The many translations of "indeed"

daal

探花
Recently, I came across the word 的确 in DuChinese, so I looked it up and found that it meant "indeed." I remembered that I had learned another word for indeed, 确实 so I decided look them up in pleco and compare. Since the definitions didn't tell me much about the usage, I entered "indeed" in English, which pulled up an entry in the ABE English-Chinese dictionary. I clicked on it, and was surprised to find that there were also a number of entries in the NWP English-Chinese dictionary as well. Both dictionaries are enabled, and my first question is why did only the ABE definition show up initially - does NWP perhaps not have "indeed" as a keyword? In any case, both of these dictionaries offered all in all 8 Chinese words to represent "indeed," and some nice example sentences, and I was starting to think that I was getting a handle on how the concept "indeed" is represented in Chinese, when the idea occurred to me to search Chinese dictionaries for "indeed" as well, so I clicked the white E button turning it to a blue E button, and was then shown Chinese words that Chinese dictionaries had translated as "indeed" and indeed there were quite a few, in fact, almost 50! Why is it that Chinese dictionaries think that there are about six times more ways to translate "indeed" than English dictionaries do?
 

Shun

状元
Hi daal,

one reason for this must be that the English-Chinese dictionaries only give the most commonly used Chinese translations for the word "indeed", and they only include words that can stand alone to mean one shade of "indeed". Among the full-text matches in the Chinese-English dictionaries, some have other words next to them, like "if indeed", or are dated, literary, informal, only used in certain regions, or are part of an example sentence for another word. So all the words in an English-Chinese dictionary should be possible to understand correctly by the average listener, while the matches in the Chinese-English dictionaries are more dependent on background knowledge to be used properly. But of course, it's always useful to check the full-text matches because sometimes, one has this background knowledge, and will find the most fitting word this way.

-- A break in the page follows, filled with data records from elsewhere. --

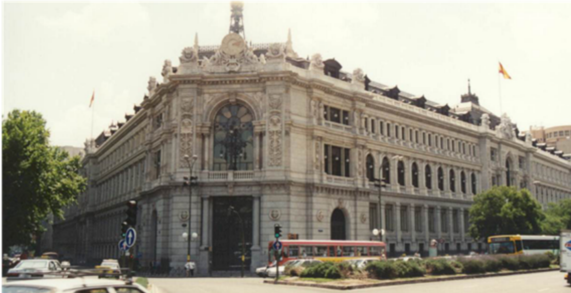
Fig. 48: Banco de España

Tres marcas españolas están entre las cien más valiosas del mundo: Movistar, Grupo Santander y Inditex.
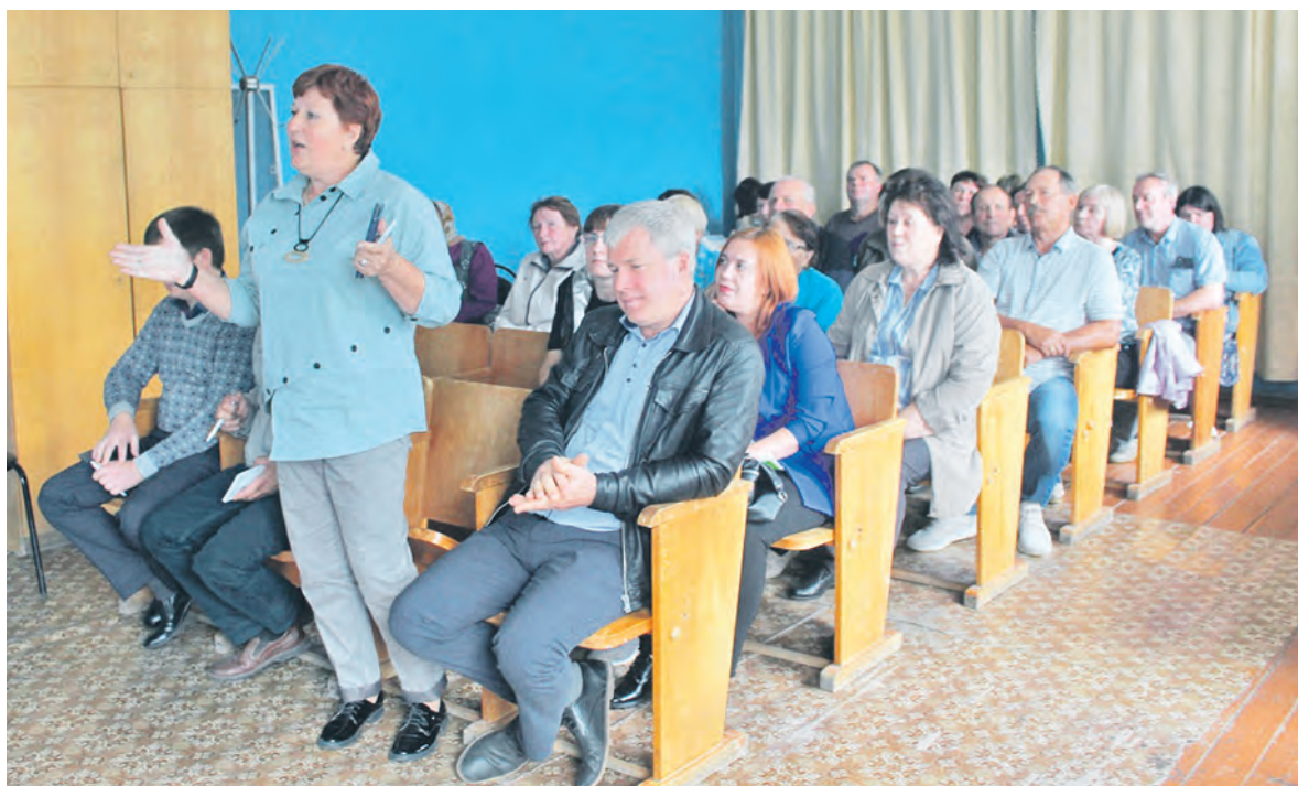
На встречах всегда люди с активной жизненной позицией.

Чтобы ускорить решение ряда вопросов, на встречи глава МСУ приезжает с представителями ресурсоснабжающих организаций - дирекции коммунального хозяйства, МУП «Водоканал», с начальником управления разви-
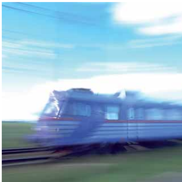
Väl utbyggda och snabba kommunikationer främjar resandet

Öresundsbron och de nya intercitytågen innebär att man bekvämt åker till Kastrup/Köpenhamn på en timme, vilket uppskattas inte minst av alla resenärer mellan Köpenhamn och Bornholm.
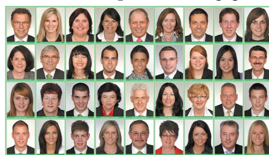
Die Mitarbeitenden der TKB Arbon und Horn bieten Bankdienstleistungen aus einer Hand an.

ner, der diesen Betrag voll ausschöpft, darf im Folgejahr mit Steuerersparnissen von 1500 bis 2000 Franken rechnen. Steuerfrei sind bei dieser Sparform auch der Zins sowie der Zinseszins. Gleichzeitig entfällt die Vermögenssteuer. Erst bei der Auslösung des Kapitals wird eine reduzierte Steuer fällig. Selbstständigerwerbende ohne Anschluss an eine Pensionskasse dürfen bis zu einem Betrag von 32 832 Franken oder maximal 20 Prozent ihres AHV-pflichtigen Netto-Einkommens in die dritte Säule einzahlen.

I think there will also be a Boolean searching feature, which would allow one to do full-text searches with more than one keyword, and make the results list even more relevant.

As to the first question: On my device, both the ABE and NWP dicts appeared from the start. Maybe the ABE was first selected as the only dictionary?
 

feng

榜眼
I just checked indeed in a couple of online English thesauruses. One I think had 27 words, the other even more. A lot of them looked like odd choices. It would be interesting to see the almost 50 words you found.

Also, as Shun suggested, background knowledge is important. For example, Pleco has 21st Century English-Chinese Dictionary (or whatever the name is). I have the paper edition. It is wonderful for an advanced learner or native speaker because of the level of nuance. That same level of nuance, in the form of plenty of choices for many words, would make it problematic for a beginning or intermediate student who just wants the 'right' or 'common' word -- for which I suggest Langenscheidt's little pocket dictionary which has almost no nuance whatsoever.